> _TRY IT_: Transcribe exactly the lines from the first line of the records through the line containing "TRINITY BLACK čtvrtkruhový", and leave out every picture.

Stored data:

>>>

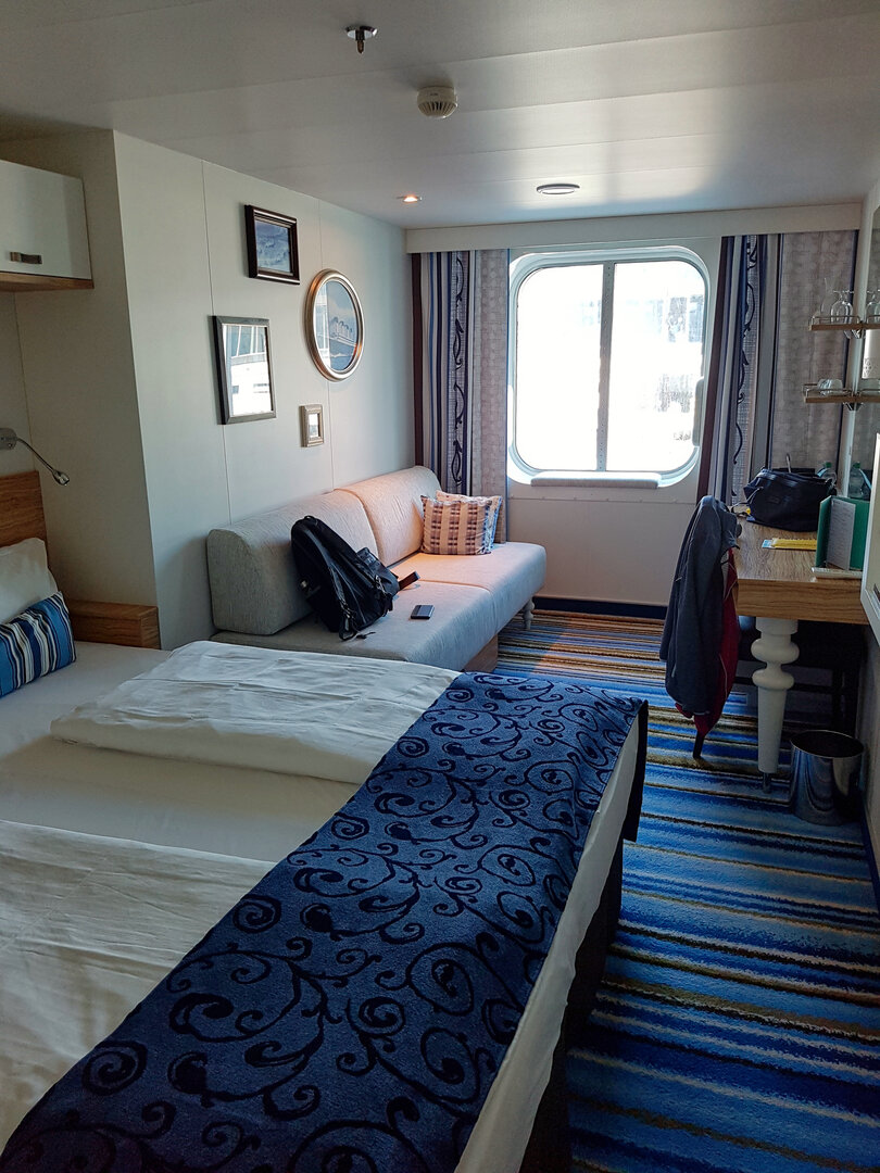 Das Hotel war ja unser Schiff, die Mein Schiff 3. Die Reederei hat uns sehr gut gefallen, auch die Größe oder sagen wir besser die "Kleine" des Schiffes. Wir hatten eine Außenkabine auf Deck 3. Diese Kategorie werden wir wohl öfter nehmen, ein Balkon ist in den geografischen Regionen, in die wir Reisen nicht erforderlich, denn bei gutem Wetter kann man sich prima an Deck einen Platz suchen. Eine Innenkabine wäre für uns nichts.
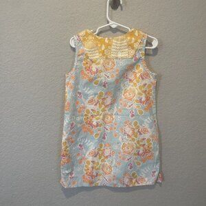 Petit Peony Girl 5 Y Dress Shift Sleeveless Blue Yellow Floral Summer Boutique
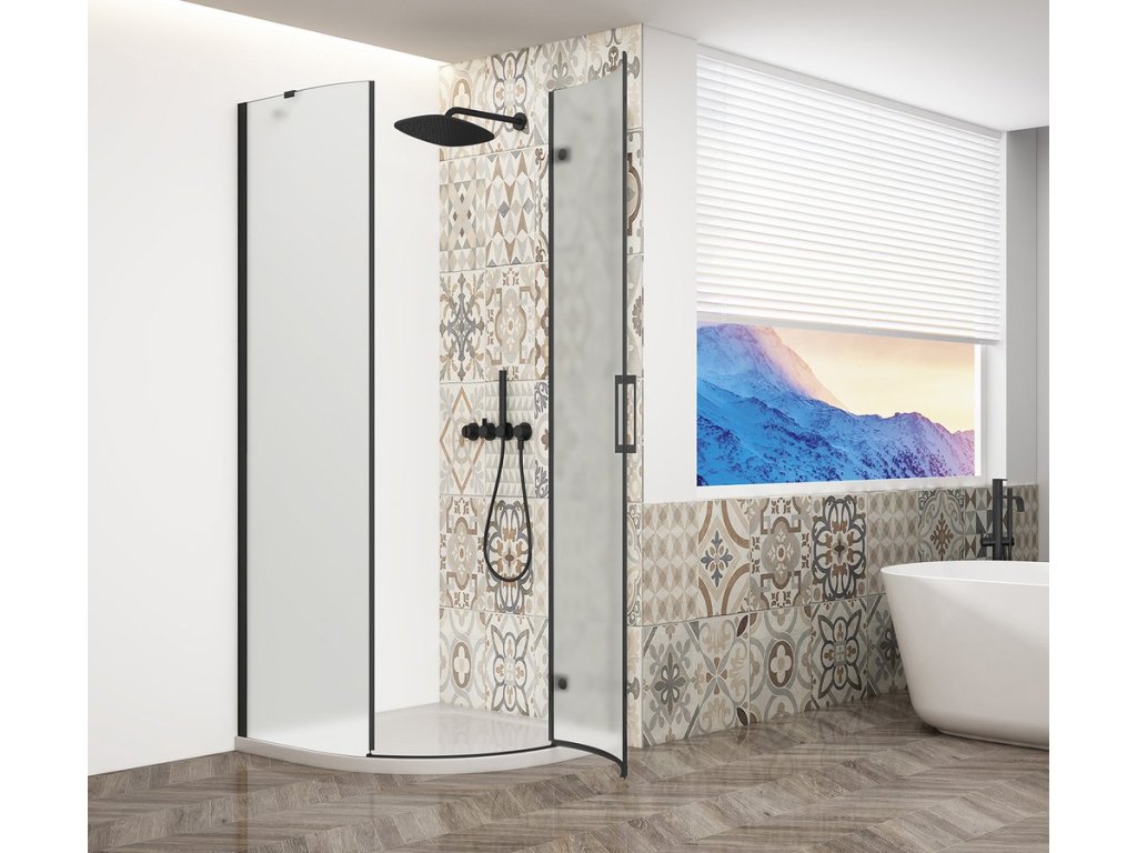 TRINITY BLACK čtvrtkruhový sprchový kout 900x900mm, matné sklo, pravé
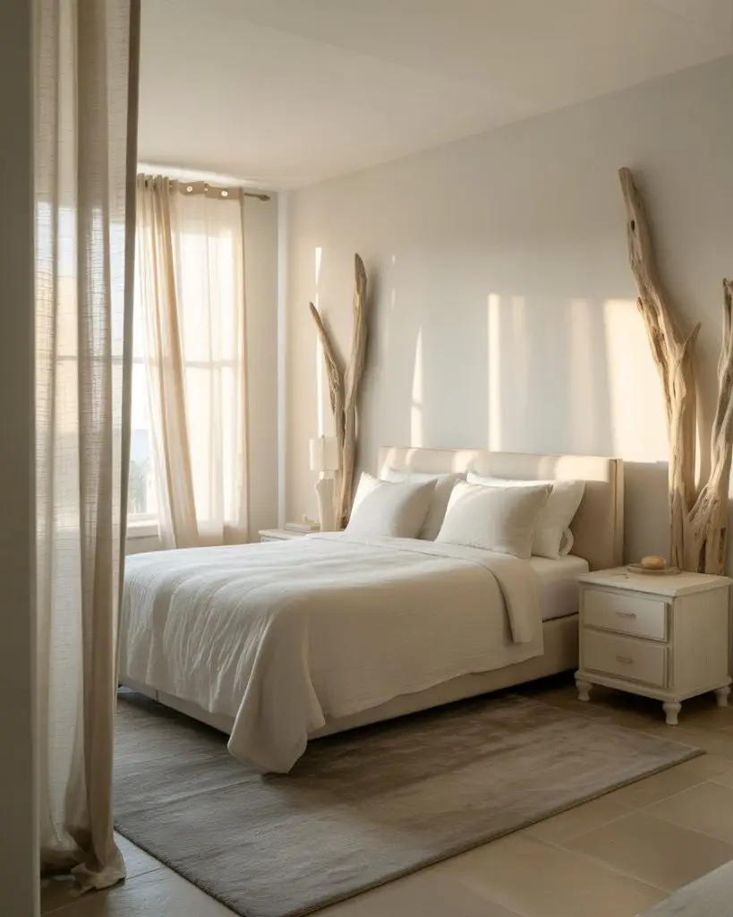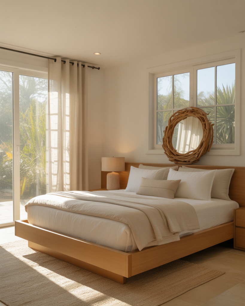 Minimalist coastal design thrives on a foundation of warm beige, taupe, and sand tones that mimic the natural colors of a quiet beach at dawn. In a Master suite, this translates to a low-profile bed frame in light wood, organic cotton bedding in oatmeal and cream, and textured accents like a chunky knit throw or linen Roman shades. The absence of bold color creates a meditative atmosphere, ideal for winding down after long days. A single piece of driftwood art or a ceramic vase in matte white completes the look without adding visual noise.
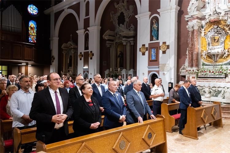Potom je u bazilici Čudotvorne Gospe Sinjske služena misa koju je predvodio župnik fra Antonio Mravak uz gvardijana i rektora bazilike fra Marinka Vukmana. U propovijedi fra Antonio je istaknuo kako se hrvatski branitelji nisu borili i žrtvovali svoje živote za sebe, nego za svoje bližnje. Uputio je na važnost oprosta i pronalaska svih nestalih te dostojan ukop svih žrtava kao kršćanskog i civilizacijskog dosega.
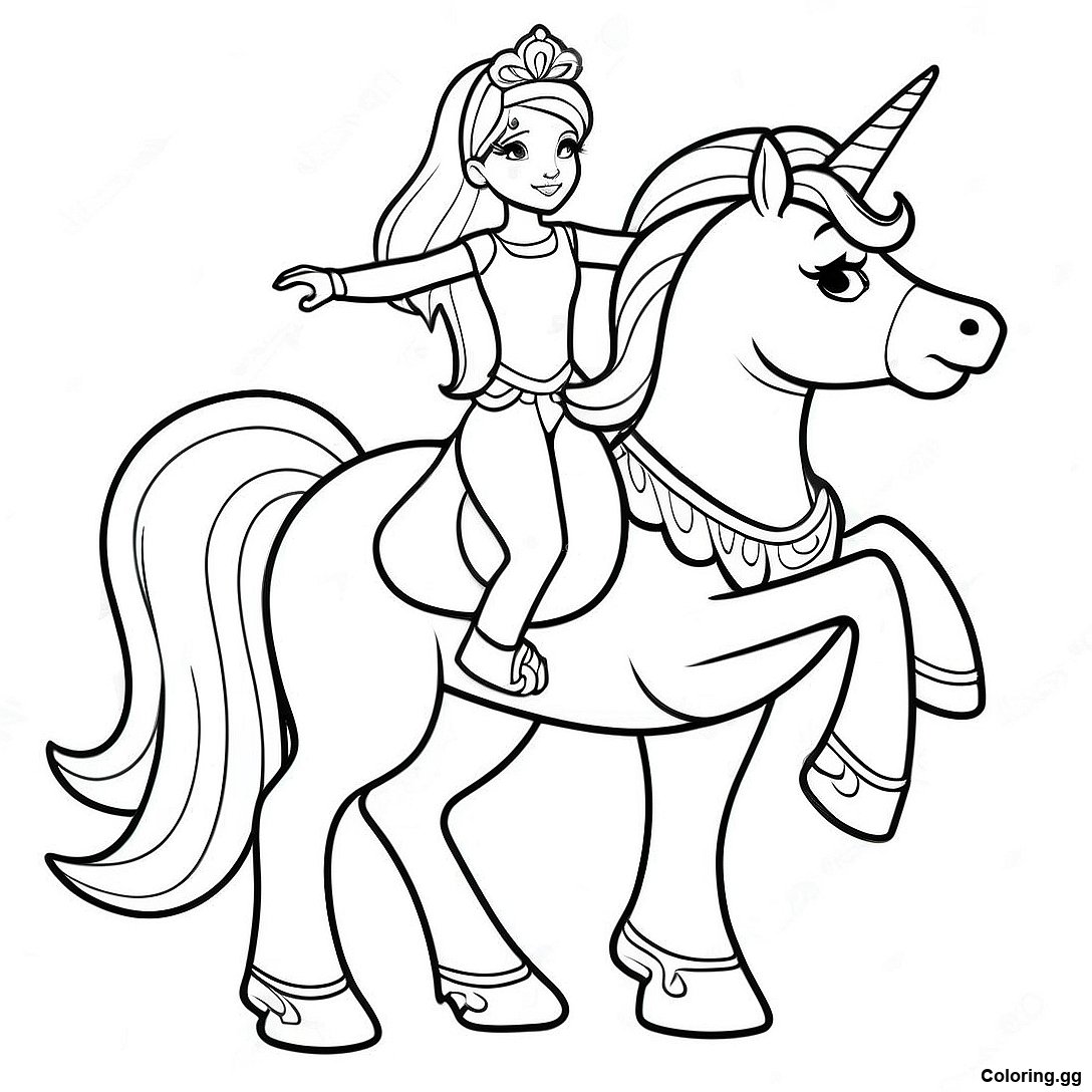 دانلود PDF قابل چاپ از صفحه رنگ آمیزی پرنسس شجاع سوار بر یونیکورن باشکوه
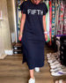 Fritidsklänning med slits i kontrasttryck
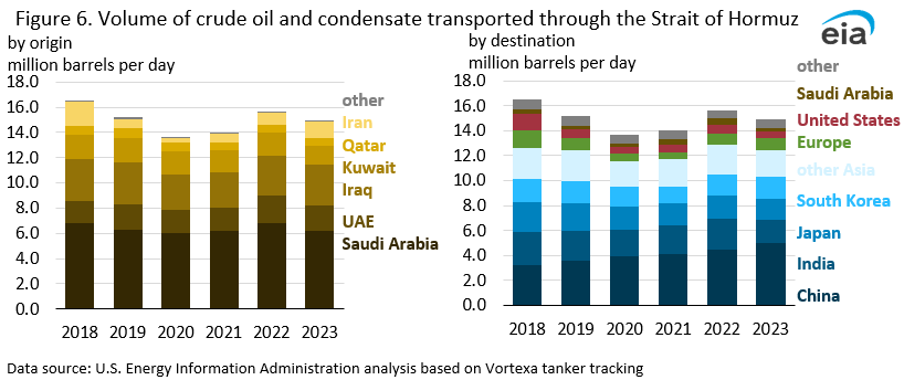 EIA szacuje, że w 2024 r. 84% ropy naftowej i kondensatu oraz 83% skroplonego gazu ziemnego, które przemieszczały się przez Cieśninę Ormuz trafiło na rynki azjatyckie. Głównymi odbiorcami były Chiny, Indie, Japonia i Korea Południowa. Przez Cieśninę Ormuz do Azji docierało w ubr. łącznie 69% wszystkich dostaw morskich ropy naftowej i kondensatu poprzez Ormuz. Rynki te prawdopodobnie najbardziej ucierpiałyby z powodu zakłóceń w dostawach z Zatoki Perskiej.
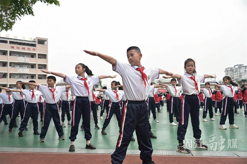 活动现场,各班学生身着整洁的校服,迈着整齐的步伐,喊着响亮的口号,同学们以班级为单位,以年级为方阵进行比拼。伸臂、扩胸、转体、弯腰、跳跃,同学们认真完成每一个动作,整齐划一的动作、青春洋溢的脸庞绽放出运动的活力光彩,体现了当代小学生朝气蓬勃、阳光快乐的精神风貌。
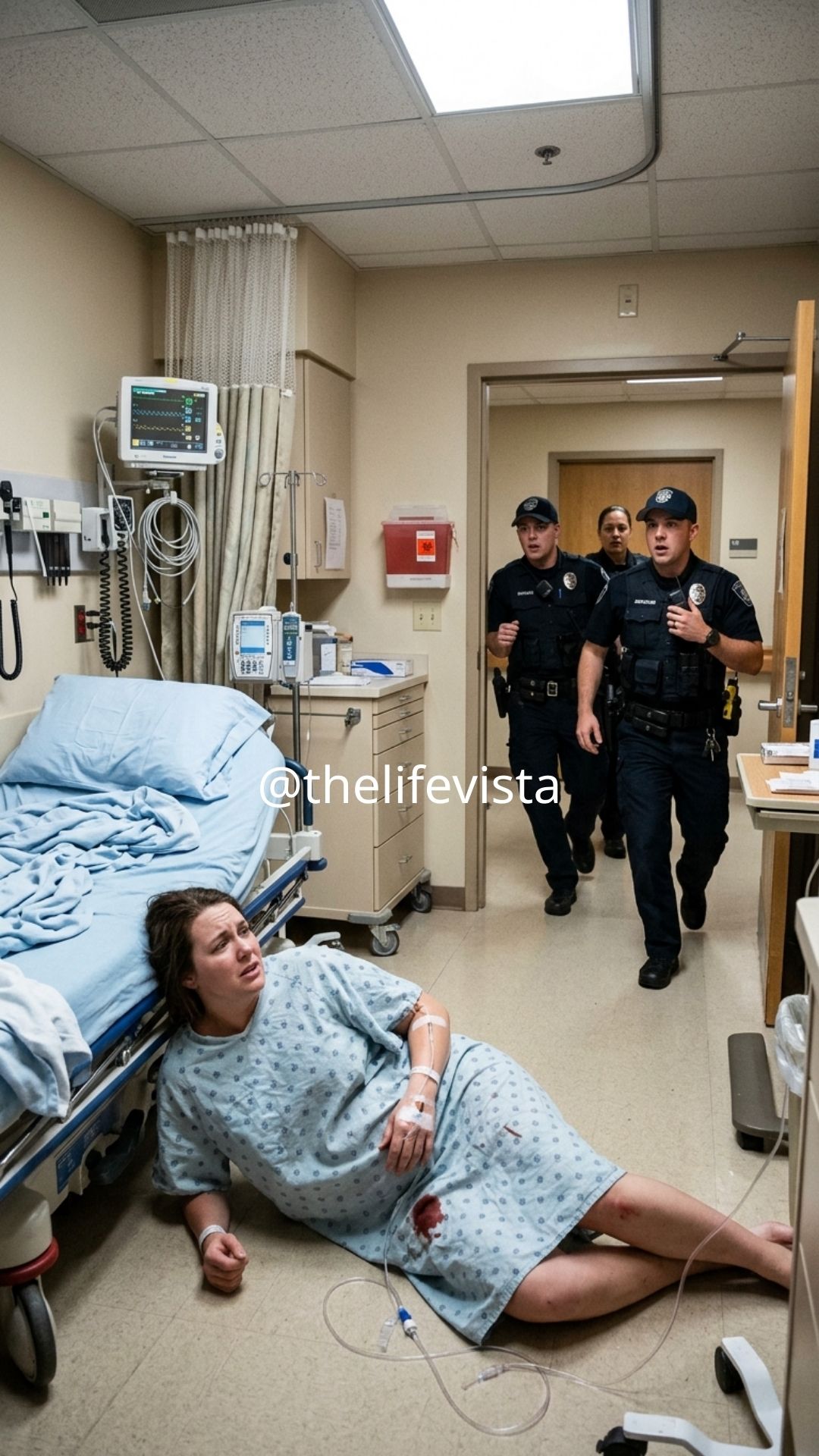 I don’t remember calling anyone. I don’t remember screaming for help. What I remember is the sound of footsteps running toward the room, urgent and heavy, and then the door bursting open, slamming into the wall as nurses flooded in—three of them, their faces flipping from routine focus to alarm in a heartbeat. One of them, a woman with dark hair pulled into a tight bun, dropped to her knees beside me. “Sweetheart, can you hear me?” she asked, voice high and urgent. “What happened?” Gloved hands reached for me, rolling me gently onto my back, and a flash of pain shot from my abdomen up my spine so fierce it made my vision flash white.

<<<

> _FINISHED EXERCISE_:
 Das Hotel war ja unser Schiff, die Mein Schiff 3. Die Reederei hat uns sehr gut gefallen, auch die Größe oder sagen wir besser die "Kleine" des Schiffes. Wir hatten eine Außenkabine auf Deck 3. Diese Kategorie werden wir wohl öfter nehmen, ein Balkon ist in den geografischen Regionen, in die wir Reisen nicht erforderlich, denn bei gutem Wetter kann man sich prima an Deck einen Platz suchen. Eine Innenkabine wäre für uns nichts.
 Petit Peony Girl 5 Y Dress Shift Sleeveless Blue Yellow Floral Summer Boutique
 TRINITY BLACK čtvrtkruhový sprchový kout 900x900mm, matné sklo, pravé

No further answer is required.